A Nassau County executive who banned transgender female athletes from playing on women teams in county facilities filed a lawsuit on Tuesday against New York Attorney General Letitia James who had sent him a letter demanding the order be reversed.
In the complaint filed in the Eastern District of New York, County Executive Bruce Blakeman’s lawyers argued that the letter “violates the constitutional rights of biologically girls and women who are a federally recognized protected class.” James, her office, and the state of New York are all named as defendants.
In the Feb. 22 executive order from Blakeman, he said that sports teams must be designated based on assigned sex at birth in order to play at a Nassau County Parks property. On Friday, the NY AG’s office called for the order to be rescinded in a cease-and-desist letter, citing New York State Human Rights Law.
According to the law, it is illegal for public accommodation to discriminate on the basis of sex or “gender identity or expression,” and it’s similarly illegal to compel others to commit discrimination. In the letter, Civil Rights Bureau Chief Sandra Park argued that the executive order would discriminate against transgender women and girls hoping to play on sports teams which correlate to their gender identity.
In the complaint, lawyers said that the Human Rights Law does not apply to transgender people. They argued that its application by the AG’s office was unlawful because it violated the Equal Protection Clause in the 14th amendment, which does protect women and girls, but does not protect transgender people.

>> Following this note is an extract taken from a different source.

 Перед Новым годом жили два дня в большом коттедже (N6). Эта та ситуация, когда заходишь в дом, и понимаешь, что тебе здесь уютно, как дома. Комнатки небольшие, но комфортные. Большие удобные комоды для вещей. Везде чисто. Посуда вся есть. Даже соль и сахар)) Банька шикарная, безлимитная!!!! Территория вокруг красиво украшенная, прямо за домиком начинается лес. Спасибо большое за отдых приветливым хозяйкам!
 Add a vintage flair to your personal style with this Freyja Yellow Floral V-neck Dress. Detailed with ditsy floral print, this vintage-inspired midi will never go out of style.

The lawsuit included additional plaintiffs Marc and Jeanine Mullen and their 16-year-old daughter, who lawyers claim are “being forced into making the impossible determination whether to expose their 16-year-old daughter to the risk of injury by a transgender girl or simply to not play volleyball at all.”
The 16-year-old is “an unmistakable member of a long-established protected class,” lawyers said.

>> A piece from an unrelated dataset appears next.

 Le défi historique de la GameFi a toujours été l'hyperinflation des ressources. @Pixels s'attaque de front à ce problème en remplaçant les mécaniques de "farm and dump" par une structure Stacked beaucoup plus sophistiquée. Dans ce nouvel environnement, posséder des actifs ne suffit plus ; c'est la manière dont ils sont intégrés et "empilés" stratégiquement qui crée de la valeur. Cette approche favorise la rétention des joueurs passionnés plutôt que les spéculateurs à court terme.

The language of the complaint mirrors that of the original cease-and-desist letter, which said, “[t]he Order’s immediate effect is to force sports leagues to make an impossible choice: discriminate against transgender women and girls, in violation of New York law, or find somewhere else to play.”
The complaint also cited debunked and dangerously transphobic talking points often used to exclude trans athletes, including the “undeniable” biological differences between men and women, and the “extreme discomfort” some players experience in the locker rooms.
The complaint also said that the executive order did not violate New York State’s anti-discrimination laws. In the cease-and-desist letter, Park argued that the order constitutes sex discrimination because it would, “impose increased scrutiny of members of teams designated for women or girls and may result in subjecting them to intrusive and inappropriate inquiries.” The same scrutiny would not be placed on men’s soccer teams or athletes.
In the complaint, lawyers argued that transgender athletes could still compete, and that the order “invites” them to join teams that do not identify as “exclusively all-girls or all-women.”